I am here, learning more about Tlingit culture, before I embark upon a musical work in which I hope to tap into this rich, vibrant, changing and growing legacy. I knew I knew too little before I came here. I’m beginning to think there is no way I may ever know enough to present this music honestly through my own.
The renaissance of ritual song and dance art in Alaska Native musical culture is a story of resistance to attempts by our federal and state governments and various religions to force assimilation or eradication upon Natives and their ties to their tribal traditions, many of which pre-date the model upon which Western civilizations have been built, by many thousands of years. If you can eradicate the songs, dances and rituals tied to spirituality of a culture, and make use of its language difficult to achieve, eradication will follow.
In the lower 48 states, this has been achieved 100% in hundreds, if not thousands, of cases. In Hawaii and Alaska, the first Peoples have been more fortunate, though “fortunate” barely qualifies as a description of what has happened in these two states since the late 19th century.
Alaska Native tribes sought to redress government and religious encroachments all the way back into the early days of our country’s possession of the territory. The city of Angoon, commemorates its 1882 destruction by the U.S. Navy through song and dance.

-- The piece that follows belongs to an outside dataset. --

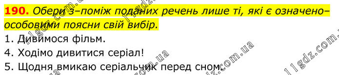190. Обери з–поміж поданих речень лише ті, які є означено–особовими поясни свій вибір. 1. Дивимося фільм. 4. Ходімо дивитися серіал! 5. Щодня вмикаю серіальчик перед сном.

The Alaska Native Claims Settlement Act of 1971 established entities that were supposed to benefit the many tribes, peoples and villages of aboriginal Alaska. Some have been more successful than others. Few of these resultant corporations have understood the importance of the arts to language, culture, education and pride as deeply as has the Sealaska Heritage Institute. The dominant tribes of Southeast Alaska, over which Sealaska Corporation oversees many programs, are Tlingit, Haida and Tsimshian.